Nous sommes donc dans une Dystopie assez classique avec un événement qui marque le passage à l’âge adulte ici symbolisé par un mariage forcé. L’univers semble irrémédiablement cruel envers ces jeunes, on ne comprend pas trop ce qu’il y a autour du village et le synopsis semble à première vue plutôt simple.

Il se trouve que c’est le roman d’introduction, il est donc normal que nous découvrions au fur et à mesure la complexité de l’intrigue et notamment des personnages. Pour une héroïne Young Adult, Ivy est un personnage plutôt agréable, elle est crédible, ni trop rebelle ni trop obéissante, elle n’est pas à baffer contrairement à bon nombre de ces consœurs. Le monde présenté est plutôt simple, l’avantage de se centrer autour d’un village. Bon, il y a des trucs que je n’ai pas réellement compris, comme pourquoi est ce que le village est protégé par une barrière si le danger c’est l’hiver nucléaire. Je sais que les nuages respectent les frontières mais tout de même.

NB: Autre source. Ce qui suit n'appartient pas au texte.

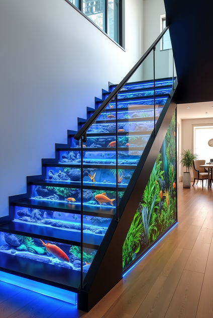 An aquarium staircase serves as a dynamic design element that can elevate the overall ambiance of a home.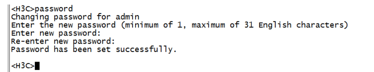 使用Consosle口登陆设备,参考【01设备管理】章节中的【1.1.1 Console方式登录设备方法】<H3C>提示进入设备命令行,输入password命令并回车,按照系统提示,提示:enter new password(输入新密码),则可以直接输入新密码,并重新输入一次确认即可。

The Book of Ivy, Ivy Tome 1, de Amy EngelEn terme de scénario, il faut avouer que j’ai été surprise car je n’ai pas réussi à deviner trop tôt la tournure que prendrait ce premier tome. L’idée d’aborder le thème des mariages arrangés permet de toucher n’importe quel public et est un sujet pas trop souvent abordé dans ce genre de roman. Il faut dire que c’est bien amené.

Le style d’Amy Engel est traduit de manière claire et assez simple par Anaïs Goacolou. Les chapitres sont assez courts et il est donc facile de lire le bouquin à un bon rythme. Bien qu’orienté ado ou jeune adulte, c’est un roman qui peut être lu avec plaisir même par les plus âgés.

Vous l’aurez compris, j’ai passé un bon moment lecture avec ce premier tome. Je n’en garderais peut être pas un souvenir impérissable mais je ne regrette pas ma découverte.